→ What is being asked
Start at the line that contains "涼しげなシアー生地にシャーリ" in the listing below and extract every line through the last, exactly; leave pictures out.
*** Opening of Provided material ***
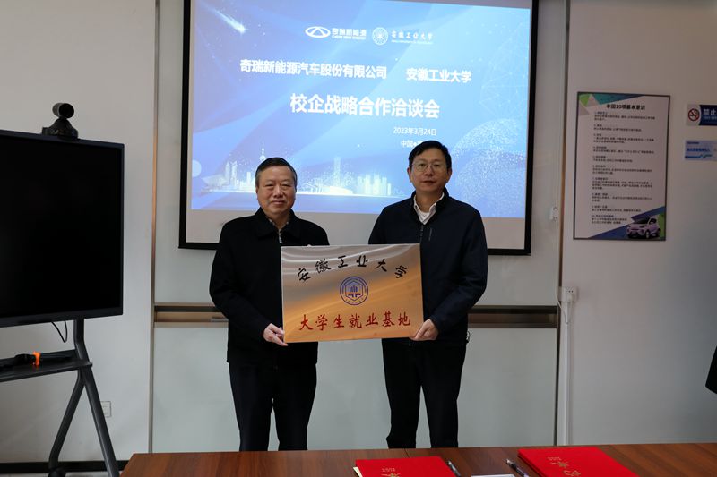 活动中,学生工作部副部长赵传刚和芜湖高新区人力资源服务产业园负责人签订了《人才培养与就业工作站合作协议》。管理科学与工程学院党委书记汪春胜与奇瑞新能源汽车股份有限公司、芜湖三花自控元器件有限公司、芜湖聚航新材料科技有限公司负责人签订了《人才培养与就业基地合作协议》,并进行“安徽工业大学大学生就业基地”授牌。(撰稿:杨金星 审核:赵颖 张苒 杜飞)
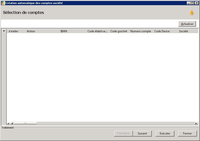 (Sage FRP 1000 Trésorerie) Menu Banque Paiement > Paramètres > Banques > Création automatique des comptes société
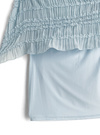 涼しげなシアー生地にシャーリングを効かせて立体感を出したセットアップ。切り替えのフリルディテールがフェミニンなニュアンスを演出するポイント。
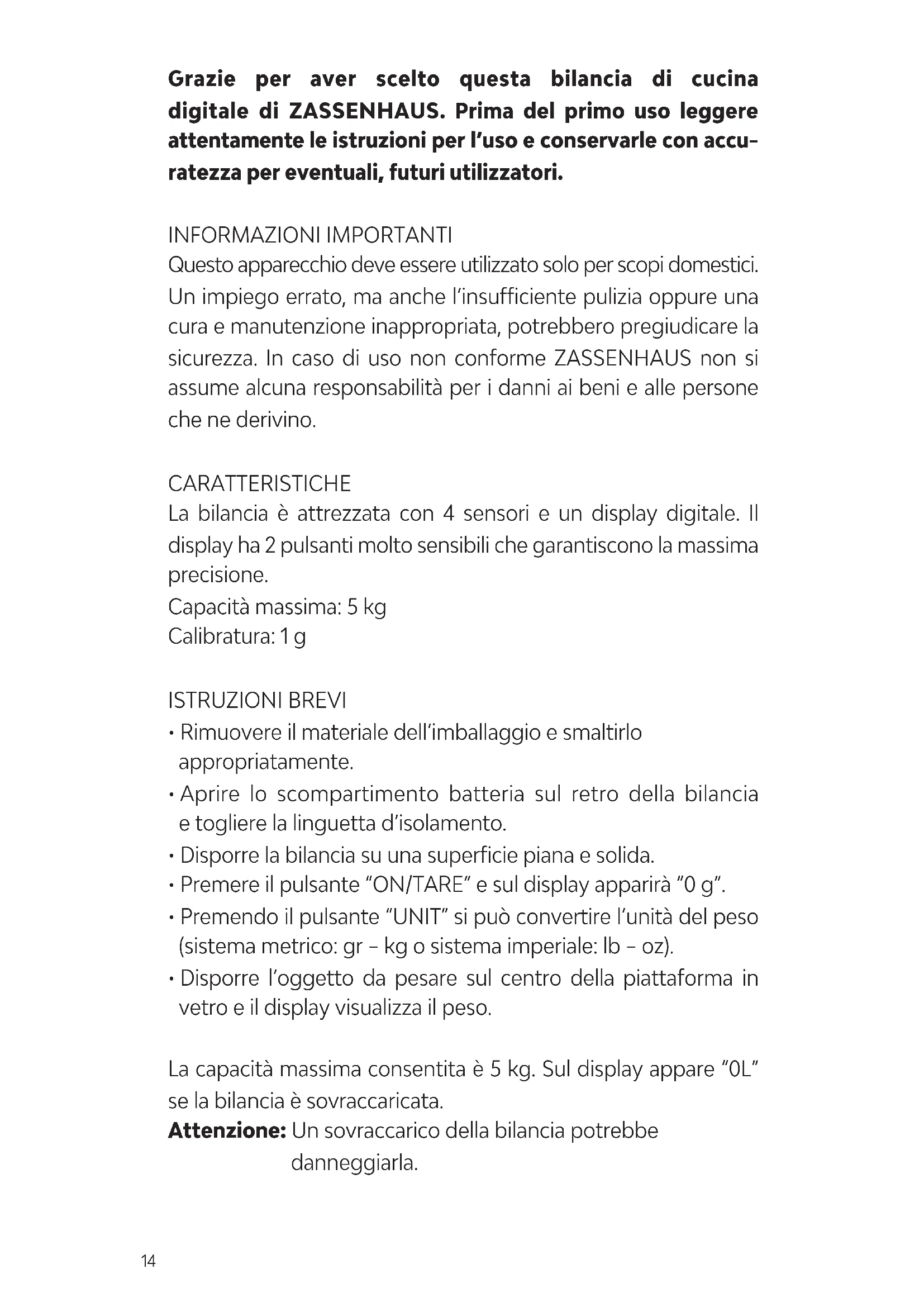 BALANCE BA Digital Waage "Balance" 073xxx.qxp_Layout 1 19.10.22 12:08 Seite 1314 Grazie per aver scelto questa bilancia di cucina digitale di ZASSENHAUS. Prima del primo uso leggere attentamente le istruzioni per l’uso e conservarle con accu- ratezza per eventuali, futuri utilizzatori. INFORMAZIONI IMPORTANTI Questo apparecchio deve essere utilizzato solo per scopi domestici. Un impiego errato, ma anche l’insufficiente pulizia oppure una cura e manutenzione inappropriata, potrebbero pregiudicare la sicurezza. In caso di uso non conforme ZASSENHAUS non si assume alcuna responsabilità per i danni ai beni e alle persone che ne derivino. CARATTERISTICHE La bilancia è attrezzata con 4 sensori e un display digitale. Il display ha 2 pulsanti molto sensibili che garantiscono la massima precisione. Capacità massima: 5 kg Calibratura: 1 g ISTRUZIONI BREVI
*** Close of Provided material ***
→ Solution below
 涼しげなシアー生地にシャーリングを効かせて立体感を出したセットアップ。切り替えのフリルディテールがフェミニンなニュアンスを演出するポイント。
 BALANCE BA Digital Waage "Balance" 073xxx.qxp_Layout 1 19.10.22 12:08 Seite 1314 Grazie per aver scelto questa bilancia di cucina digitale di ZASSENHAUS. Prima del primo uso leggere attentamente le istruzioni per l’uso e conservarle con accu- ratezza per eventuali, futuri utilizzatori. INFORMAZIONI IMPORTANTI Questo apparecchio deve essere utilizzato solo per scopi domestici. Un impiego errato, ma anche l’insufficiente pulizia oppure una cura e manutenzione inappropriata, potrebbero pregiudicare la sicurezza. In caso di uso non conforme ZASSENHAUS non si assume alcuna responsabilità per i danni ai beni e alle persone che ne derivino. CARATTERISTICHE La bilancia è attrezzata con 4 sensori e un display digitale. Il display ha 2 pulsanti molto sensibili che garantiscono la massima precisione. Capacità massima: 5 kg Calibratura: 1 g ISTRUZIONI BREVI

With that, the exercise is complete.